On our build cluster, without any host MPI binding, h5p libraries bind to the container MPICH installation, /usr/lib/libmpi.so.12.

But, if we transfer the image file to Zeus and run the command there ..

	linux-vdso.so.1 (0x00007ffe76ba4000)
	libhdf5.so.103 => /usr/lib/libhdf5.so.103 (0x00007f03e2509000)
	libhdf5_hl.so.100 => /usr/lib/libhdf5_hl.so.100 (0x00007f03e24e3000)
	libpthread.so.0 => /lib/x86_64-linux-gnu/libpthread.so.0 (0x00007f03e24be000)
	libc.so.6 => /lib/x86_64-linux-gnu/libc.so.6 (0x00007f03e22fd000)
	libdl.so.2 => /lib/x86_64-linux-gnu/libdl.so.2 (0x00007f03e22f8000)
	libm.so.6 => /lib/x86_64-linux-gnu/libm.so.6 (0x00007f03e2175000)
	libmpi.so.12 => /pawsey/intel/17.0.5/compilers_and_libraries/linux/mpi/intel64/lib/libmpi.so.12 (0x00007f03e143d000)
	/lib64/ld-linux-x86-64.so.2 (0x00007f03e2918000)
	librt.so.1 => /lib/x86_64-linux-gnu/librt.so.1 (0x00007f03e1433000)
	libgcc_s.so.1 => /lib/x86_64-linux-gnu/libgcc_s.so.1 (0x00007f03e1419000)

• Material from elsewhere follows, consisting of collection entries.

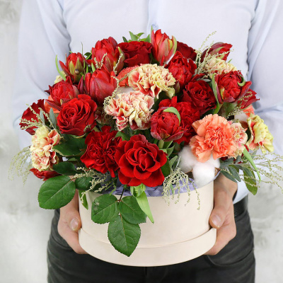 Композиция из роз, гвоздик и гиперикума в шляпной коробке| 5 300 Р | без скидки |
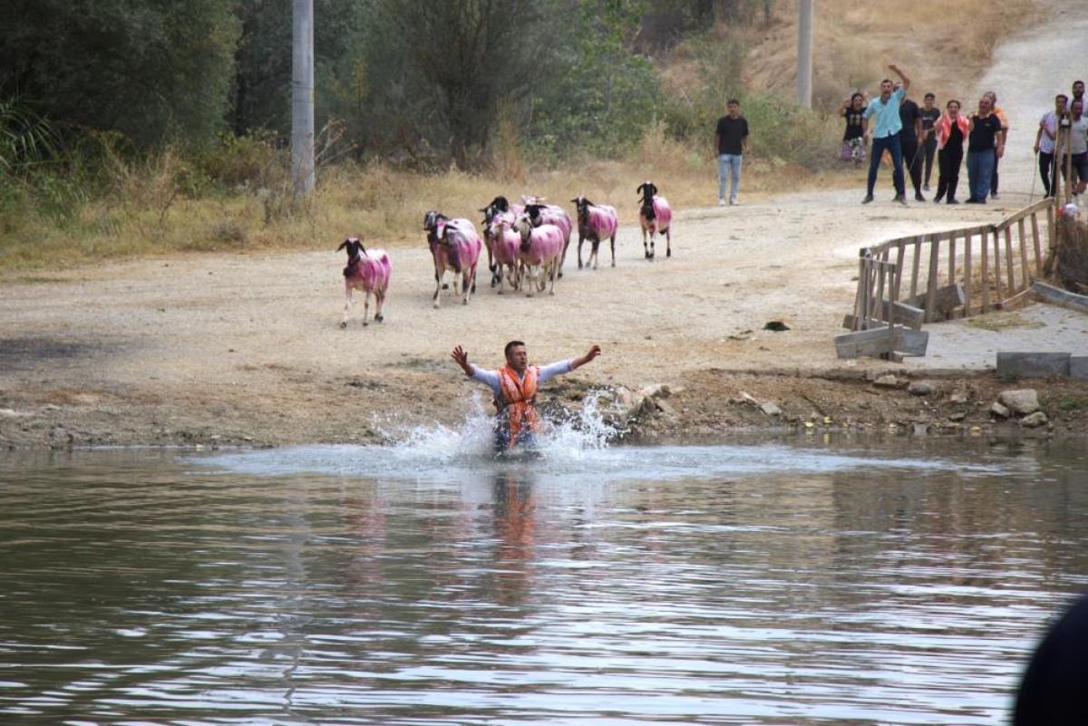 Somut Olmayan Kültürel Miras Listesi'nde yer alan Sudan Koyun Geçirme Yarışması’nda 34 çoban, sürü başı koçlarıyla koyunlarını Menderes Nehri'nin sularına atlatarak karşıya geçirmeye çalıştı.
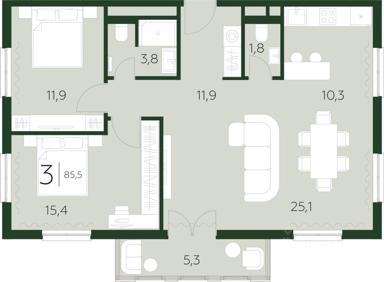 Продаются 3-комнатные апартаменты в строящемся доме (набережная Полянка, 2), срок сдачи: IV-кв. 2027, общей площадью 85.5 кв.м., на 5 этаже. Lee Prime residences (Ли прайм резиденции) - это пятизвездочный комплекс апартаментов в центре туристического района Роза Хутор в Красной Поляне. Расположен на главном променаде всесезонного курорта Роза Хутор - на набережной горной реки Мзымта. Lee Prime находится в нескольких шагах от горнолыжных подъёмников, в окружении аутентичных ресторанов и гостеприимных сувенирных бутиков.
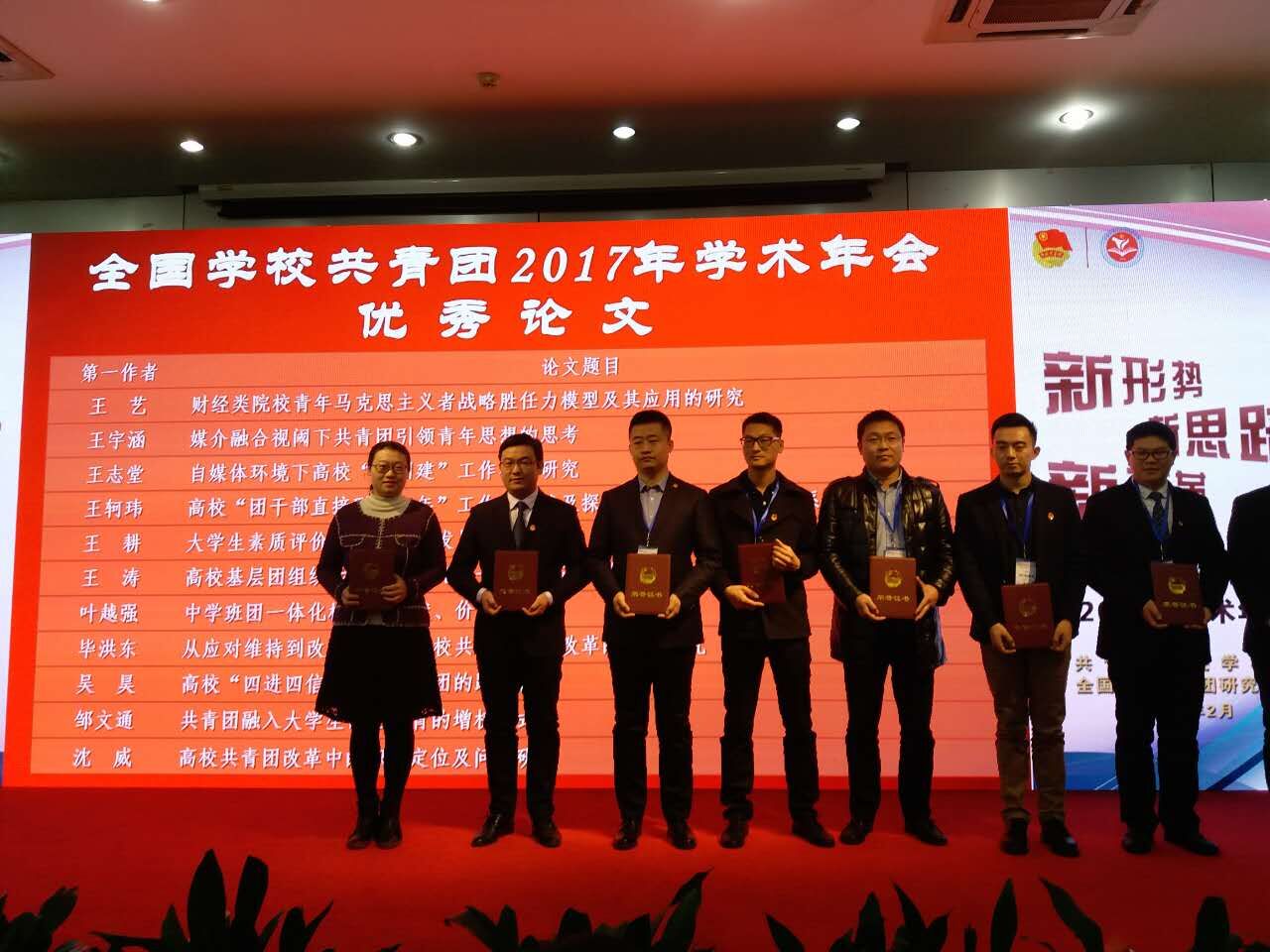 交流环节,王志堂向团中央杜汇良部长汇报了我校共青团工作的经验和特色,得到杜部长的充分赞许。年会期间,主办方举办了主旨报告和优秀论文颁奖仪式。邀请到清华大学林泰教授、中国高等教育学会会长瞿振元教授、北京大学潘维教授、中国人民大学王义桅教授等知名专家学者围绕当前国内政治、经济、教育发展形势做主题报告。王志堂老师提交的《自媒体环境下高校“微团建”工作机制研究》论文荣获年会优秀论文(全国共25篇),并受邀作主题发言,受到与会领导、同仁的一致好评。
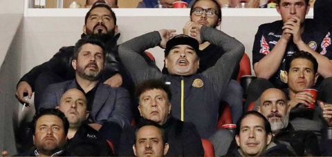 Parecían atrás las polémicas protagonizadas por Maradona durante el Mundial realizado este año en Rusia, donde hizo señas obscenas luego que Argentina anotó un gol para vencer a Nigeria, realizó un gesto considerado discriminatorio hacia un hincha asiático y se le apreció tambaleante en el graderío.

.. we get linking to the host Intel MPI, /pawsey/intel/17.0.5/compilers_and_libraries/linux/mpi/intel64/lib/libmpi.so.12!

MPI performance: container vs bare metal

What’s the performance overhead in running an MPI application through containers, as compared to bare metal runs?

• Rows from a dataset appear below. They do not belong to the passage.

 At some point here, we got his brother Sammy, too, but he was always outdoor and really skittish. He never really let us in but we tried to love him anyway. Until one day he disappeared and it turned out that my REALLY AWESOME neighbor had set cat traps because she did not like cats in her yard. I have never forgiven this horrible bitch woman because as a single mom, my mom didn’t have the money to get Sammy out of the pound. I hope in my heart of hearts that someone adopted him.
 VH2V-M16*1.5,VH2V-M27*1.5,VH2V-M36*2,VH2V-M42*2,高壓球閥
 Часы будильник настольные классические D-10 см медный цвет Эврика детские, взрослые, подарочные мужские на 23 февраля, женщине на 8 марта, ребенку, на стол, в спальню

Well, the benchmark figures just below reveal it’s quite small…good news!

OSU bandwidth test

OSU point-to-point latency test

OSU collective latency test

Requirements for GPU enabled containers

In this context, in general the container image will need to embed the libraries and tools that are required at build and runtime of the application, as per any other application.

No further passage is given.